The way I see it, the suggestion that one can simply "vote with their wallet" is absolutely a pro-corporation stance because it pretends that consumers and megacorps have equal footing in the market. This premise is a bit of a spherical cow because it--conveniently for corporations--ignores monopoly, price fixing, anti-consumer corporate fraud at scale and flouting of regulations. Perhaps, in the frictionless vacuum of an Ayn Rand wet dream where every interaction is a transaction between two equals operating perfectly rationally, where there's no governments thus no regulatory capture, no barriers to entry, and so on, this might make sense--but in our world it does not.
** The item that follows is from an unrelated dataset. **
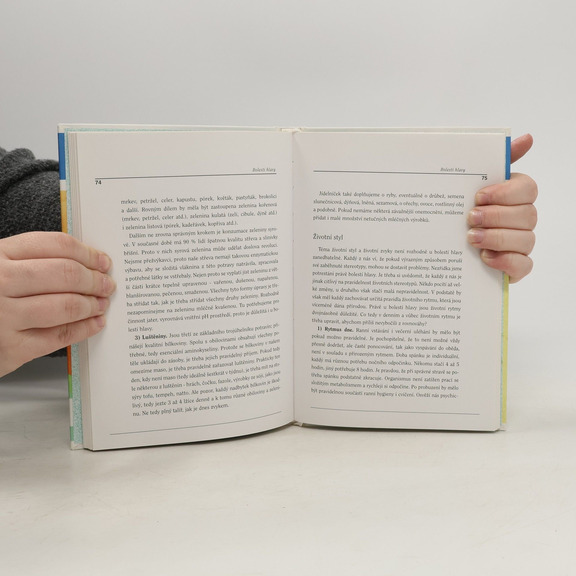 Informace o příčinách, diagnostice a přírodní léčbě bolestí hlavy. Další kniha z Jonášovy knižnice zdraví popisuje nejčastější příčiny,které v různých kombinacích vedou k projevu bolesti hlavy (ke klasické migréně a ostatním bolestem hlavy).Kniha vysvětluje,jak se která příčina projeví a jak je možné poznat,co naši bolest způsobilo.Větší část knihy pak nabízí některé metody alternativní medicíny,které vedou k diagnostice a léčbě bolestí hlavy - akupunktura,akupresura,různá fyzická i psychická relaxační cvičení a úprava jídelníčku a celé životosprávy. 11.5.1998 Selinges

You tell me that nothing will change the companies apart from market forces, but in response to another commenter you said it well yourself: "this kind of behavior should be illegal." If we had consumer protection laws, and those laws had teeth, maybe a company would have to consider the possible risk to future profits of engaging in the next abusive, ethically bankrupt scheme. It wouldn't be possible to be, as former FTC chair and antitrust warrior Lina Khan put it, "too big to care."
I'm not so naive as to imagine that more economic guardrails are a panacea for consumer suffering, but to me it seems that the globalized economy and its Western democratic hegemons have spent much of the post-WWII era on a deregulatory death march, and we can see with our own eyes how well it's going.